Recently, the U.S. Securities and Exchange Commission (SEC) announced an enforcement action against international investment bank Barclays Capital.
The SEC found that two of Barclay’s advisory programs charged some 2,000 clients fees for various tasks — including due diligence and monitoring of third-party investment managers — that they did not perform. The net result was that Barclays overbilled clients by some $50 million.
Barclays was also found to have collected excess mutual fund sales fees from 63 brokerage clients by recommending more expensive mutual fund share classes, the SEC said, when less expensive options were available.

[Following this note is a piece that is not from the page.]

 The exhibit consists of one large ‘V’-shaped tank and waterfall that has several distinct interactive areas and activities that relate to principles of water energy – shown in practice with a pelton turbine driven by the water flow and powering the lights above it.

Additionally, the SEC found over 22,000 accounts where Barclays paid excess fees due to billing errors and miscalculations by the investment firm.

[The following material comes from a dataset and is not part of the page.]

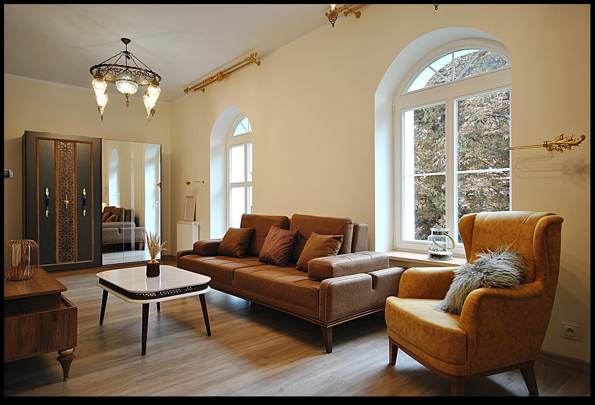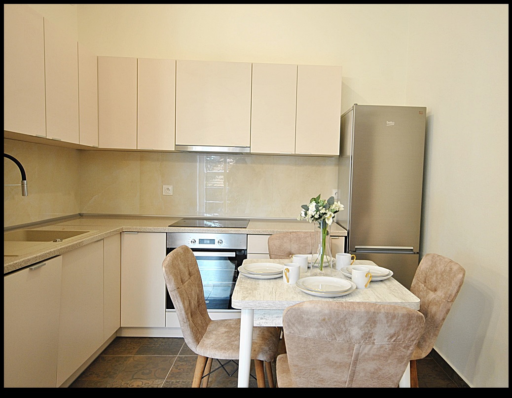 Podłogi: panele + markowe kafle. Centralne ogrzewanie + podogowe. Ściany: farba. Markowe meble, łóżka (producenci zagraniczni) oraz bardzo dobrze dobrane oświetlenie. Kuchnia zaprojektowana pod wymiar, w pełni wyposażona. Łazienka nowa, wykończona bardzo dobrej jakości materiałami ceramicznymi.

In its ruling, the SEC found Barclays in violation of sections of both the Investment Advisers Act of 1940 and the Securities Act of 1933. In a settlement, Barclays agreed to settle and pay over $97 million.
“Barclays failed to ensure that clients were receiving the services they were paying for,” said C. Dabney O’Riordan, co-chief of the SEC Enforcement Division’s Asset Management Unit. “Each set of clients who were harmed are being refunded through the settlement.”
The settlement included creating a Fair Fund worth over $49.78 million to refund advisory fees in addition to over $13.75 million in interest and payment of a $30 million penalty.
The investment bank will also pay $3.5 million to advisory clients who invested in unmonitored, underperforming investment strategies and third-party investment managers, as well as to the brokerage clients who were directed toward more expensive share classes.